Universitas Negeri Surabaya (Unesa), melalui Program Studi S1 Manajemen Pendidikan menjadi salah satu pelaksana aktif program ini dengan menerjunkan mahasiswa semester lima dan tujuh ke berbagai kota di Indonesia.
Para mahasiswa ditempatkan di mitra strategis di daerah seperti Makassar, Bogor, Bandung, Jogja, Solo, Semarang, Jember, Bali, Lombok, serta Kabupaten Sidoarjo dan Gresik.
Salah satu program unggulan dalam PKKM ini adalah Ekstensifikasi Kompetensi Studi Independen Mahasiswa (EKSIM) atau magang berbasis penelitian yang dirancang untuk memberikan pengalaman langsung dalam mengembangkan kompetensi di lapangan.
Di Bogor, tiga mahasiswa Unesa yakni Marshanda Putri Devita Sari, Anisa Aprilia Fiorensieka, dan Miftaqul Fauzi ditugaskan melakukan penelitian di SMA Kornita IPB selama tiga bulan, mulai 1 September hingga 30 November 2024.
Marshanda Putri Devita Sari meneliti implementasi aplikasi Daftar Cek Masalah (DCM) berbasis Excel di SMA Kornita IPB sebagai bagian dari manajemen layanan khusus yang digunakan guru bimbingan konseling.
“Saya banyak belajar tentang bagaimana aplikasi ini mempermudah guru bimbingan konseling untuk mengidentifikasi masalah siswa. Tantangannya adalah bagaimana aplikasi DCM dapat digunakan secara efektif meskipun masih adanya keterbatasan.” ungkapnya.
Sementara itu, Anisa Aprilia Fiorensieka berfokus pada pengelolaan media sosial Instagram untuk membangun citra sekolah di SMA Kornita IPB. Ia mendalami aspek perencanaan, pengorganisasian, pelaksanaan, dan pengawasan dalam pengelolaan media sosial.

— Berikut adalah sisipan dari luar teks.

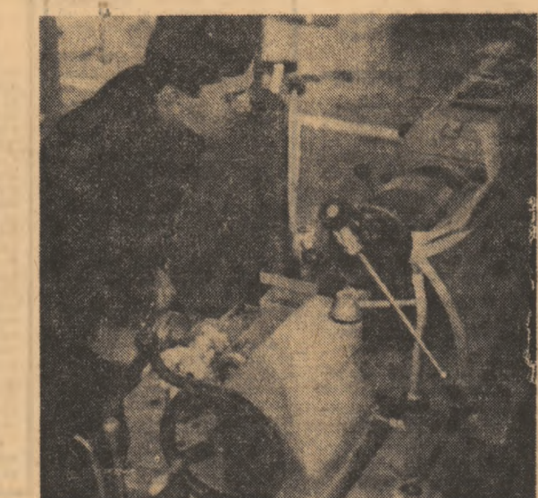
In fața strungului cu emblema calității, unul din tinerii muncitori ai Uzinei ardeleană.

memul construcțiilor de mașin-unelte, solicitate intens de fondurile economiei naționale, este vorba de strungurile revolver, de strungurile de repriză, strungurile automate multiax strungurile frontoane și strungurile paralele. — Natural, ne declară tovarășul inginer Ioan Demian, pe lângă planul prioritar, avem în obiectiv realizarea înalte de termen a indicatorilor ce ne revin în planul cincinal, mai precis, scoaterea unei mari serii de strunguri paralele care să satisfacă cererile crescânde la export, precum și ale beneficiarilor din țară. În vederea realizării acestor deziderate am început să ne preocupăm intens pentru crearea unor fluxuri tehnologice corespunzătoare prin mecanizarea și agregarea lor. Aici, are un cuvânt greu autoulterarea care în acest an va realiza 10 agregate importante. — Dar, totuși, unele strunguri românești sint mai grele decât altele de fabricație străină. Ce se preconizează pentru reducerea acestui decalaj? — La unele repere vom avea în curând o scădere a greutateii

“Lewat penelitian ini, saya memahami pentingnya pengelolaan media sosial sebagai sarana komunikasi sekolah dengan masyarakat luas.” jelas Anisa.
Miftaqul Fauzi meneliti pengembangan kompetensi kepala sekolah melalui sistem berbasis website bernama SIPAKES di wilayah Dramaga, Bogor. Penelitiannya menekankan pentingnya teknologi dalam mendukung pengelolaan sekolah.
“Saya harap dengan adanya SIPAKES dapat menjadi solusi praktis untuk meningkatkan kompetensi kepala sekolah di era digital,” ujarnya.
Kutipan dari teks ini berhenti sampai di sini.